AI-OPS Team Member | IT Infrastructure 
We are seeking a skilled and motivated AI-OPS Team Member to join our IT Infrastructure – Tools & Collaboration department.
This is an exciting opportunity to be part of a newly established AI-OPS team, responsible for centralizing and optimizing the management of our organization’s AI-related infrastructure across all environments.
About the Role
As an AI-OPS Team Member, you will play a key role in managing and maintaining our AI infrastructure—both on-premise and in the cloud. You will ensure the availability, performance, scalability, and security of AI platforms, tools, and hardware resources that support our enterprise AI initiatives.
Key Responsibilities
- Operate and maintain AI infrastructure with a focus on stability, performance, and scalability.
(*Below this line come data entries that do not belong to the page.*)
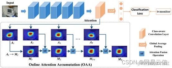 然后与前一epoch保存的特征图A t-1 c进行像素级比较,选择每个像素的最大值,最终输出为作为累积后的响应图M T。在训练完成后,M T即当作弱监督语义分割伪标签的种子区域。
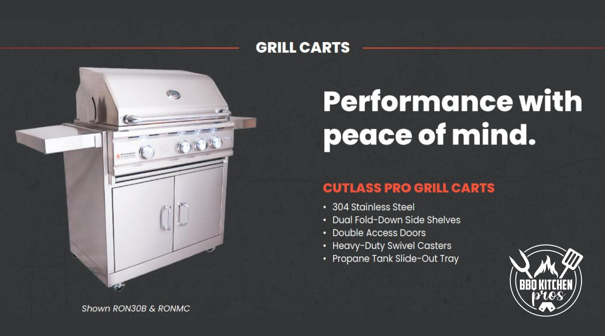 Featuring a stainless steel grill cart for convenient grill mobility around your patio or backyard. Your 430 premium stainless steel constructed grill cart is designed to withstand all weather conditions, provides ultimate rust resistance, and is built with durability against wear and tear from mobility.
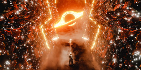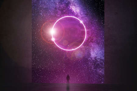 Science fiction concept. Of a figure standing in a gap in a wall. Looking at a bright glowing portal against a galaxy of stars.

 - Deploy, configure, and troubleshoot AI platforms, containerized environments, and GPU-based workloads.
 - Monitor and optimize resource utilization (CPU, GPU, memory, storage, network).
 - Contribute to CI/CD processes and implement automation using Infrastructure as Code (IaC).
 - Manage security, access controls, and compliance across AI systems.
 - Collaborate with AI Platform Engineers and AI Security Engineers to resolve incidents and improve reliability.
 - Maintain documentation, runbooks, and operational best practices.
 - Continuously identify opportunities to improve efficiency and cost-effectiveness in AI infrastructure management.
 
Required Qualifications
- Proven experience in IT infrastructure operations and management.
 - Hands-on experience with AI/ML platforms (e.g., MLflow, Kubeflow).
 - Proficiency in CI/CD pipelines (Jenkins, GitLab CI, GitHub Actions).
 - Strong knowledge of cloud infrastructure (Azure preferred, AWS or GCP).
 - Expertise in Docker and Kubernetes, especially for AI workloads.
 - Experience with GPU management and optimization.
 - Proficiency in Infrastructure as Code (Terraform, Ansible).
 - Solid Linux administration skills.
 - Familiarity with Prometheus, Grafana, and similar monitoring tools.
 - Scripting ability in Python and Bash.
 - Strong understanding of networking, distributed systems, and infrastructure security.
 - Experience managing or deploying vector databases.
 - Familiarity with AI infrastructure vendor solutions.
 - Experience in infrastructure centralization projects.
 - Relevant cloud or container certifications.